There was a time, when the #1 song on the Hit Parade was "Map-maker, Map-maker, Make Me a Map"!






_This tablet (circa 600BC), which is in the collection of the British Museum, is an excellent example of Babylonian clay tablet maps.  It shows Babylon in the center with the Euphrates River, mountains and a surrounding ocean.
_
History Of Mapping

In the beginning, humans have long recognized the importance and value of maps to their lives.  Indeed, the history of mapping can be traced to more than 5,000 years ago.  Maps are essentially tools which:




for the map maker, record the location of places of interest.
for others, are a source of learning about the geography of the mapped area.
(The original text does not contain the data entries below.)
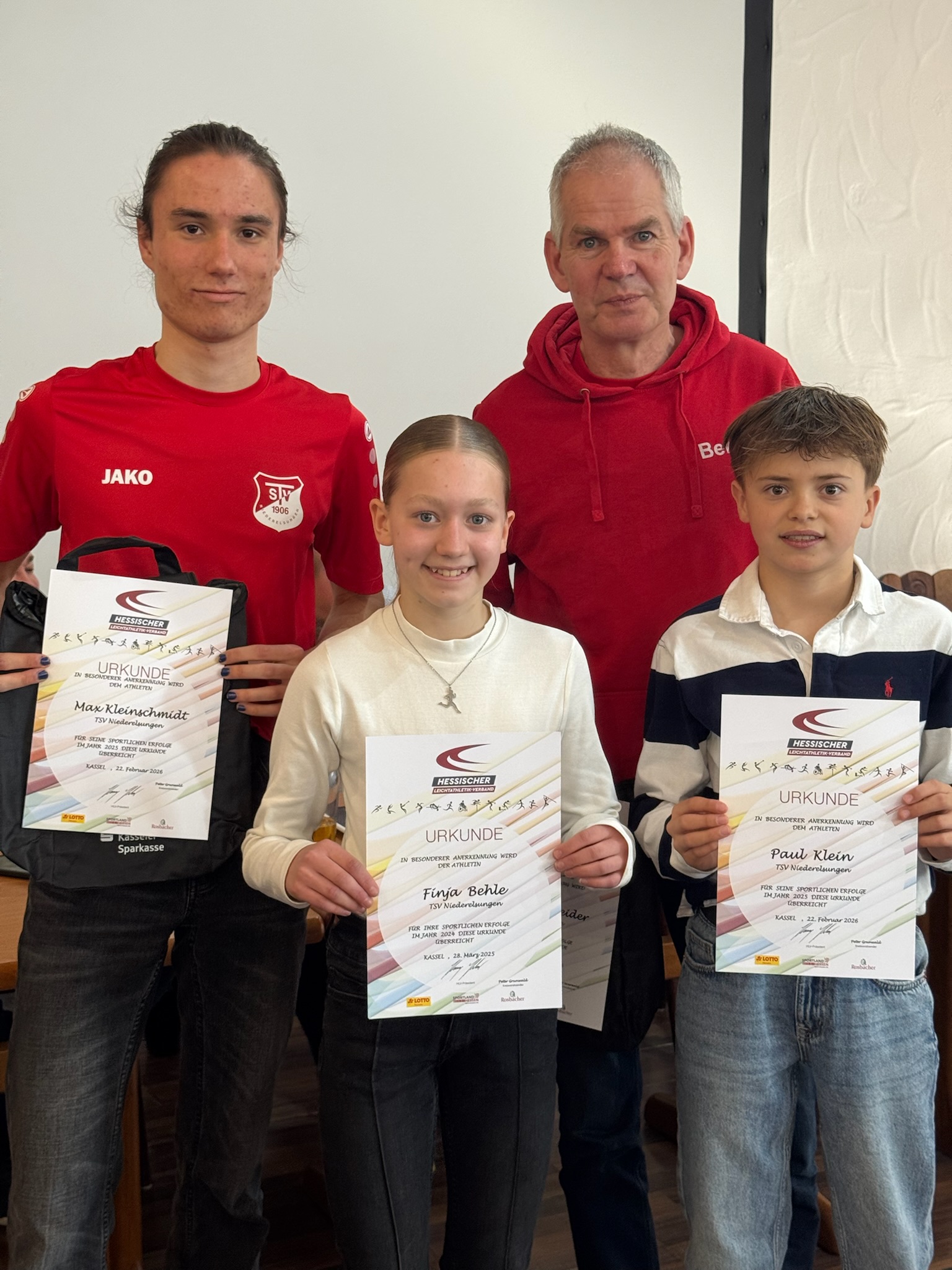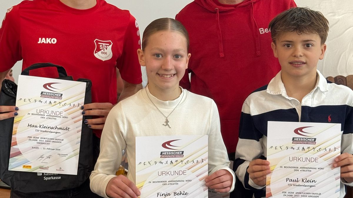 Für die abschließende Sportlerehrung hatte Statistikerin Hannelore Herrmann die größten Erfolge aus dem vergangenen Jahr zusammengestellt. An insgesamt 89 Athletinnen und Athleten wurden die Sportplaketten in Gold, Silber oder Bronze verliehen, nachdem sie mindestens einen Titel bei Hessischen Meisterschaften gewonnen hatten. Der Sonderpreis für die Nachwuchsathletin des Jahres ging an Mittelstrecklerin Pauline Kleesiek (LAV Kassel), die bei den Deutschen U20-Meisterschaften eine Bronzemedaille gewann. Kleesiek war am Sonntag verhindert und erhielt ihre Auszeichnung stattdessen bereits am Freitag bei der Gala des Sparkassen-Grand-Prix. Neben den Sportlern wurden auch Heidi Helferich, Malte Schröder und Andreas Grunwald-Fischer für ihre ehrenamtliche Mitarbeit geehrt.
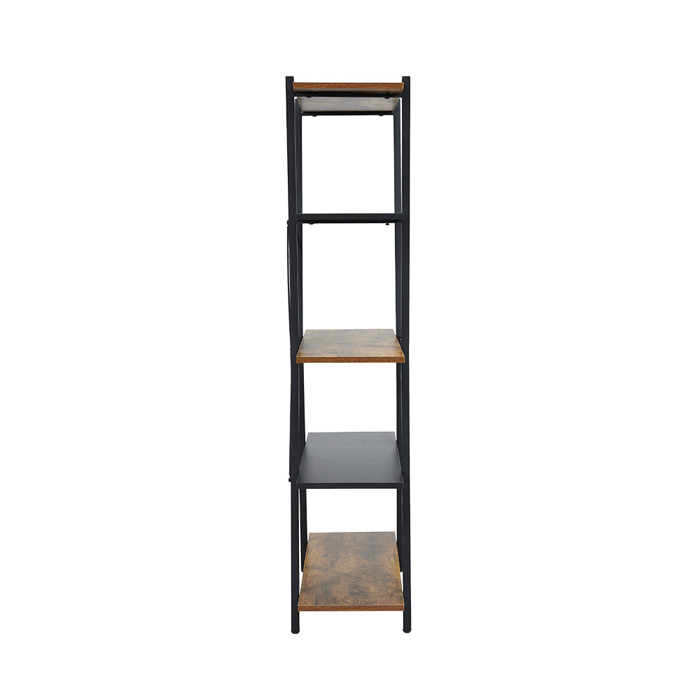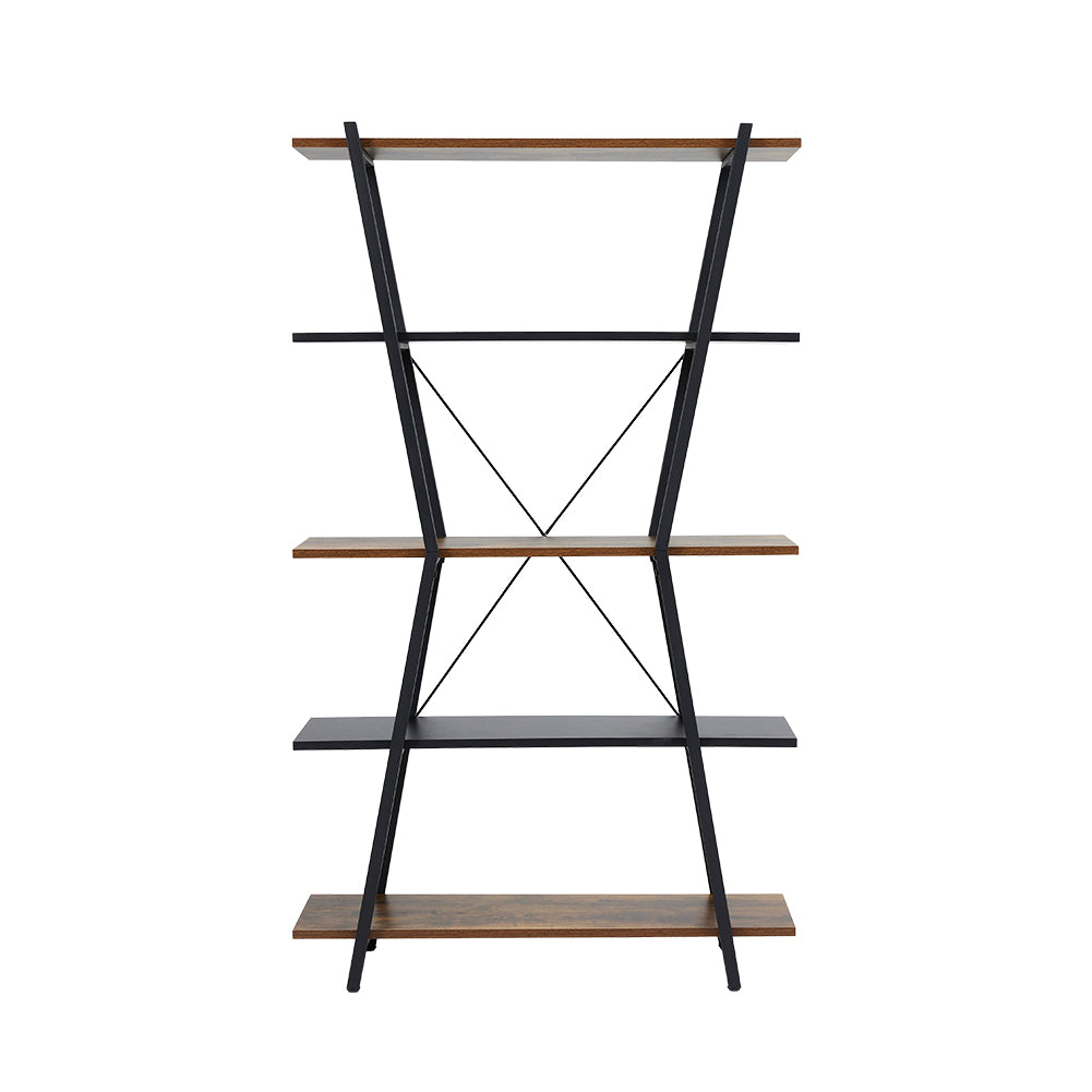 Bring a touch of industrial charm to your space with this Rustic Industrial Metal and Wood Bookshelf. Featuring a sleek black metal "H" bar frame and alternating brown and black particleboard shelves, this bookshelf is both visually striking and highly functional. The five evenly spaced shelves provide ample storage for books, decor, or collectibles, while the open design allows for easy access and display. Durable metal tubing and a stable X-shaped bar ensure long-lasting performance, making it a perfect addition to any modern home or office.
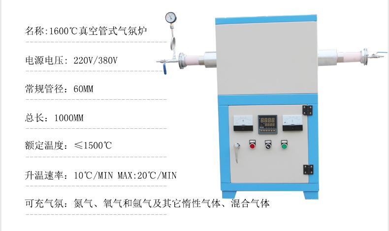 本系列真空管式氣氛爐為周期作業(yè)時,額定溫度為1600℃,供實驗室、科研單位、工礦企業(yè)做在低真空狀態(tài)下或氣氛保護(hù)下熱處理加熱之用。
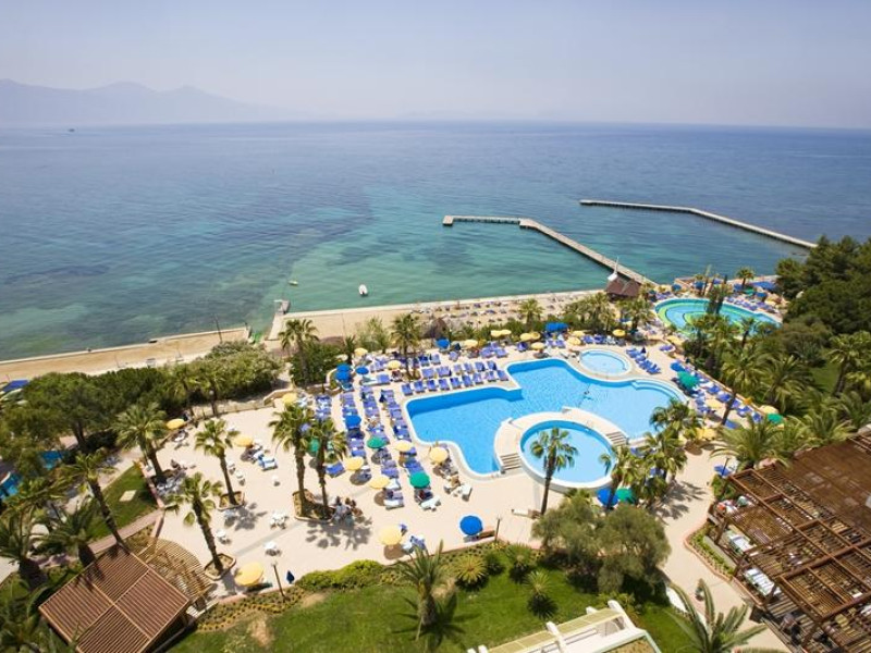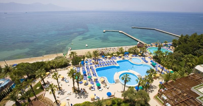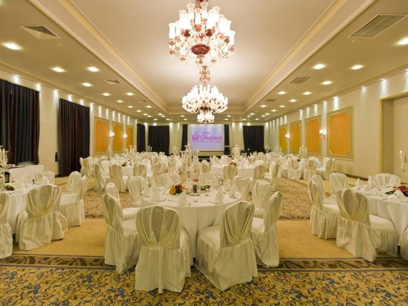 Fantasia Hotel De Luxe KuÅadası which is located in the distinguished district of Aegean region, KuÅadası, serve you the guests with is world standardized quality and its location close to antique city#39;s Ephesia, Prienne, Miletus, Didyma and church of Virgin Marry House. Eight Floor main building that attentively constructed to preserve natural structure. Fantasia Hotel de Luxe KuÅadası gives you choices with full of entertainment like is beach 150 meters long , its wharf which yachts 2 meters of depth can approach, swimming pools and indoor heated swimming pool which can be used both in summer and winter.
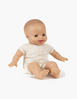 Süße Puppe mit Weichkörper aus Baumwolle und Glieder aus Vinyl.
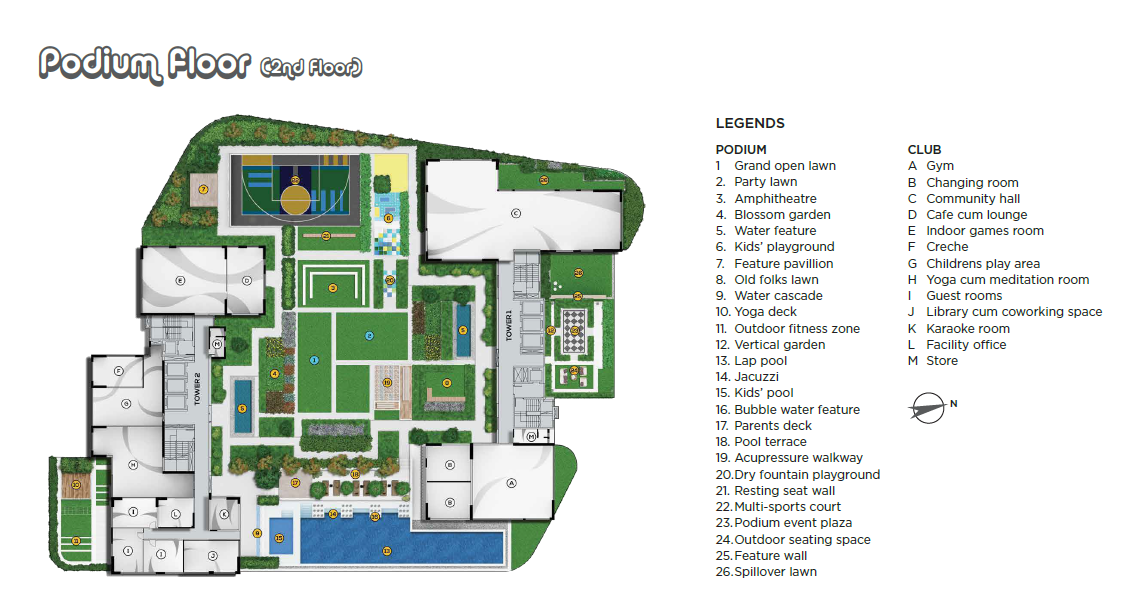 Gymnasium Lap Pool Kids Play Area Amphitheatre Indoor Games Room Jogging Track Yoga Meditation Room Adda Zone Old Folks Lawn Multipurpose Court Kids’ Pool With Parents Deck Outdoor Jacuzzi Party Lawn Karyoke Room Community Hall Library With Co-working Space Pet Park Cafe Cum Lounge Outdoor Adda Zone Bubble Water Feature Acupressure Walkways
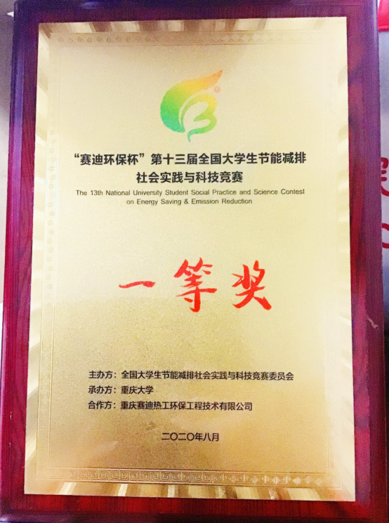 建环学子在第十三届全国大学生节能减排社会实践与科技竞赛中斩获一等奖
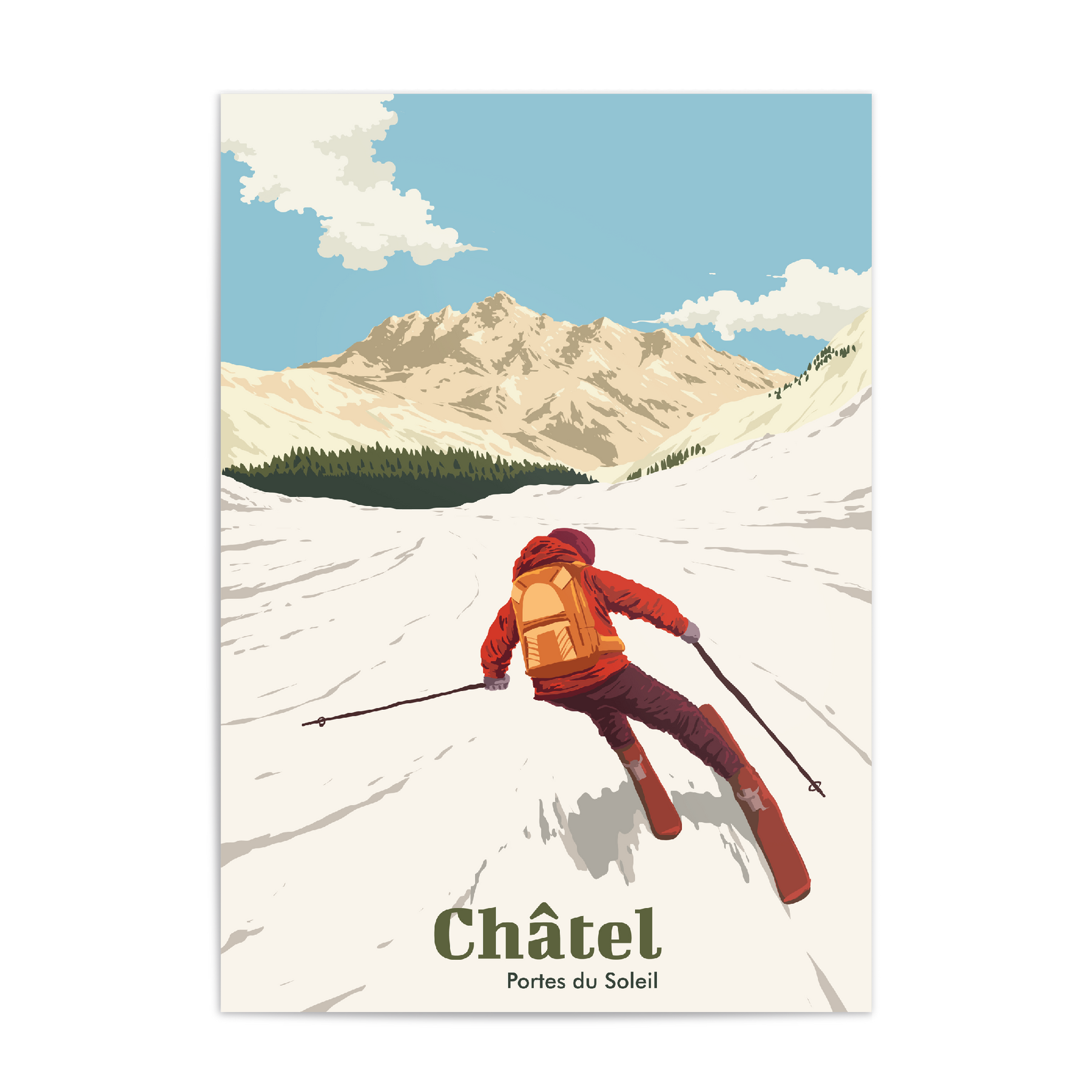 This is an original travel poster featuring the French ski resort of Chatel in the Portes du Soleil area of the French Alps.
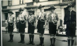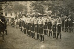 The scouts prepare for a parade outside the Boys' Club, where we continue to meet. Circa early 1960s. Courtesy of Mike Cannon.
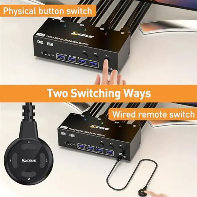 Triple monitors kvm switch support 2 switching modes, you can press the button on the panel or use the wired remote to select the computers. LED light indicates which computer is running.
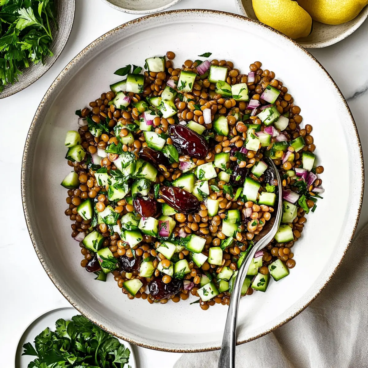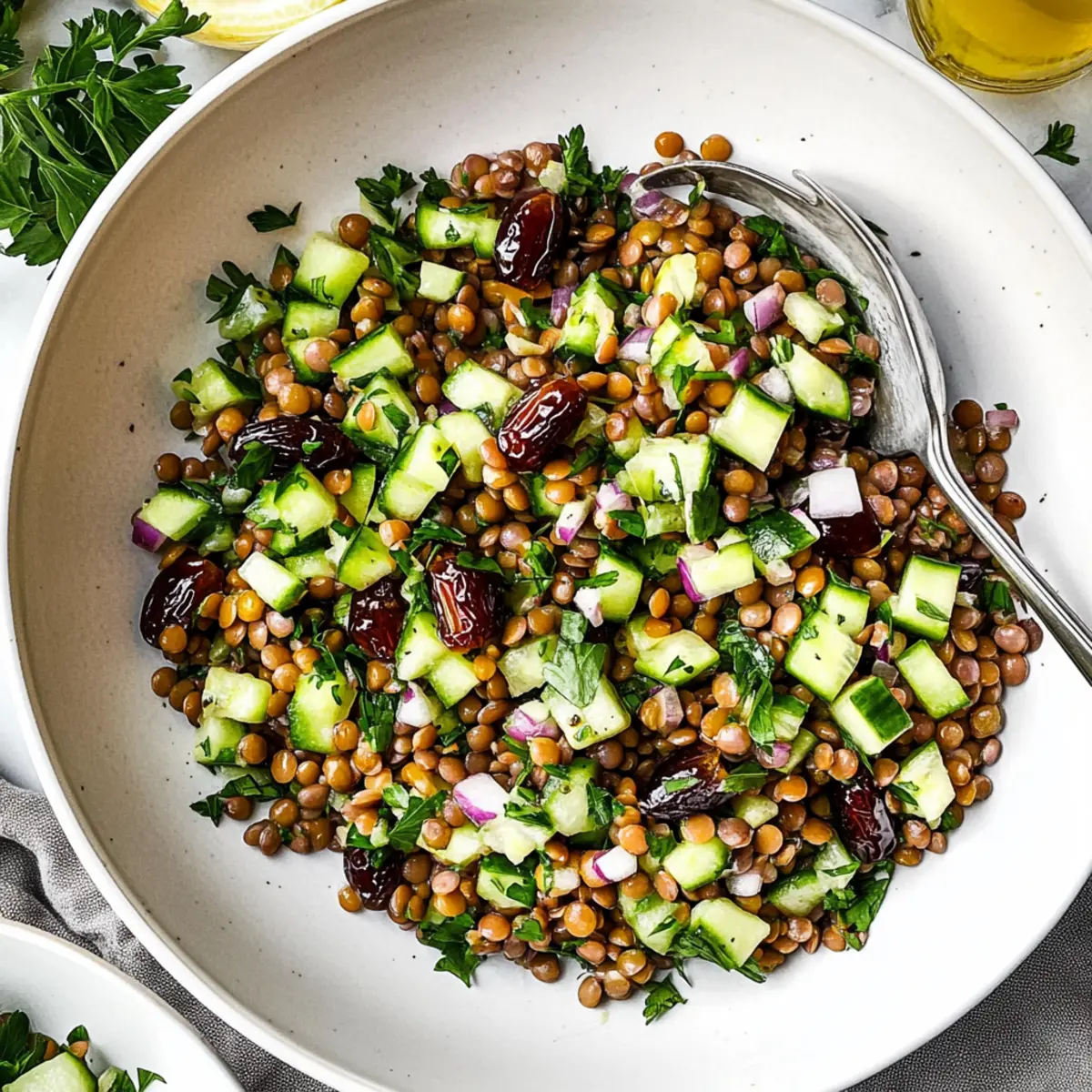 Absolutely! If you want to freeze your Lentil Salad, it can last for up to 3 months. However, keep in mind that the texture of cucumbers and dates may change when thawed. To freeze, portion the salad into airtight freezer bags or containers, making sure to squeeze out any excess air. When ready to eat, thaw in the fridge overnight and enjoy cold or gently reheat with a splash of water.

Compared to modern maps, early maps:




depicted small areas (a city, a trade route, a hunting ground, a military campaign etc.)
were pictorial in nature. While they look crude compared to modern maps, they were able to show the features that the map maker wished to record.
had no rules relating to how they were oriented – modern maps usually have north at the top.
the relationship between features on the map and reality on the Earth was often not accurate. For example, features in the center of the map would be shown in great detail, but features closer to the map’s edges were much more basic.
in many cases were works of art first and reference documents second; part of the reason for this is that the maps were made by hand, were expensive to make and were somewhat of a status symbol to own"


----------



## Meanderer

layful:


----------



## Meanderer

Cartoon Map Of Europe in 1914


----------



## Aunt Bea

http://www.oakislandmoneypit.com/#story


----------



## Timetrvlr

I keep every National Geographic map that I can find. I'm constantly keeping track of where my characters are in the current historical fiction book I'm reading. In my current book, it' 1820 in St. Louis on the Missouri River but I know my character will be going west soon.


----------



## Falcon

I have a whole bunch of AAA maps which I have collected and use often whether or not I'm actually traveling.


----------



## Meanderer

Thanks, Bea!  That sounds like the "Mother of all" Treasure digs!  I wonder if the term "Money-Pit", describing an old house, originated from this place?



Aunt Bea said:


> http://www.oakislandmoneypit.com/#story


----------



## Meanderer




----------



## Meanderer




----------



## Meanderer




----------



## Meanderer

*Was D.C. ever a southern city? And if so, where does the South begin?*

Where Does The South Begin?

"The Post had an interesting article last weekend about how the Washington, D.C. region has lost most of its southern identity in recent decades as northerners move in and the federal capital's culture, food, and dialect became more standardized. The article raised the inevitable question: Was D.C. ever a southern city? And if so, where does the South begin"?


"Most Americans would agree that Richmond is a southern town, but how far north above the capital of the Confederacy does the South extend? Is Fredericksburg a southern town? Annapolis? Harper's Ferry? Louisville"?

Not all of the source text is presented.